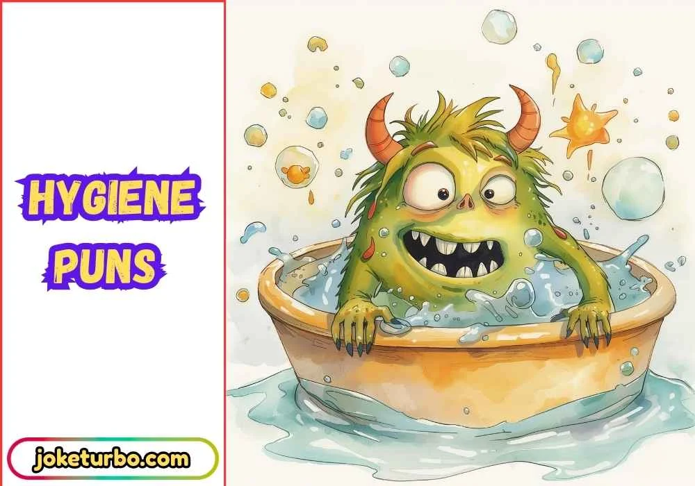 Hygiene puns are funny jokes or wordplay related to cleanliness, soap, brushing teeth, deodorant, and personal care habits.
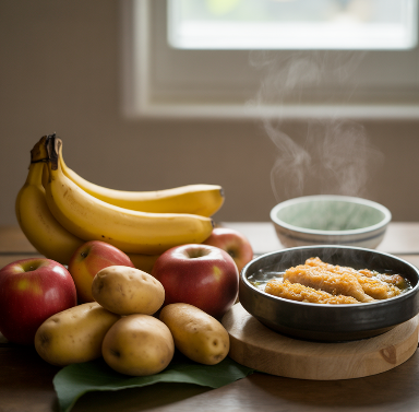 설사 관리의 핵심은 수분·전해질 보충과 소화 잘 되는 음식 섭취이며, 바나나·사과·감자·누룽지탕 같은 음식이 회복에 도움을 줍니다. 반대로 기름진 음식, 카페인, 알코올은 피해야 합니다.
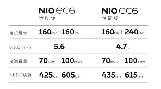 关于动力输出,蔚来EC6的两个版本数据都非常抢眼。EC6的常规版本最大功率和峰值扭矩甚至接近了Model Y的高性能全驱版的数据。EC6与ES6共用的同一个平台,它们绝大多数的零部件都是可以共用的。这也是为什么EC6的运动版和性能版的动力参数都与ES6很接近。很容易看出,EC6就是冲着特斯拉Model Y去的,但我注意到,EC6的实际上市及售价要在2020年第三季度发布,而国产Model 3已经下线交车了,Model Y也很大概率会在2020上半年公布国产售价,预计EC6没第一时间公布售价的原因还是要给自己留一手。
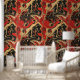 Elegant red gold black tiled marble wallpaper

» **AIM OF THE TASK**: Exact copy, no images: rewrite the entire listing above.

» **OUTPUT OF THE EXERCISE**:
 Hygiene puns are funny jokes or wordplay related to cleanliness, soap, brushing teeth, deodorant, and personal care habits.
 설사 관리의 핵심은 수분·전해질 보충과 소화 잘 되는 음식 섭취이며, 바나나·사과·감자·누룽지탕 같은 음식이 회복에 도움을 줍니다. 반대로 기름진 음식, 카페인, 알코올은 피해야 합니다.
 关于动力输出,蔚来EC6的两个版本数据都非常抢眼。EC6的常规版本最大功率和峰值扭矩甚至接近了Model Y的高性能全驱版的数据。EC6与ES6共用的同一个平台,它们绝大多数的零部件都是可以共用的。这也是为什么EC6的运动版和性能版的动力参数都与ES6很接近。很容易看出,EC6就是冲着特斯拉Model Y去的,但我注意到,EC6的实际上市及售价要在2020年第三季度发布,而国产Model 3已经下线交车了,Model Y也很大概率会在2020上半年公布国产售价,预计EC6没第一时间公布售价的原因还是要给自己留一手。
 Elegant red gold black tiled marble wallpaper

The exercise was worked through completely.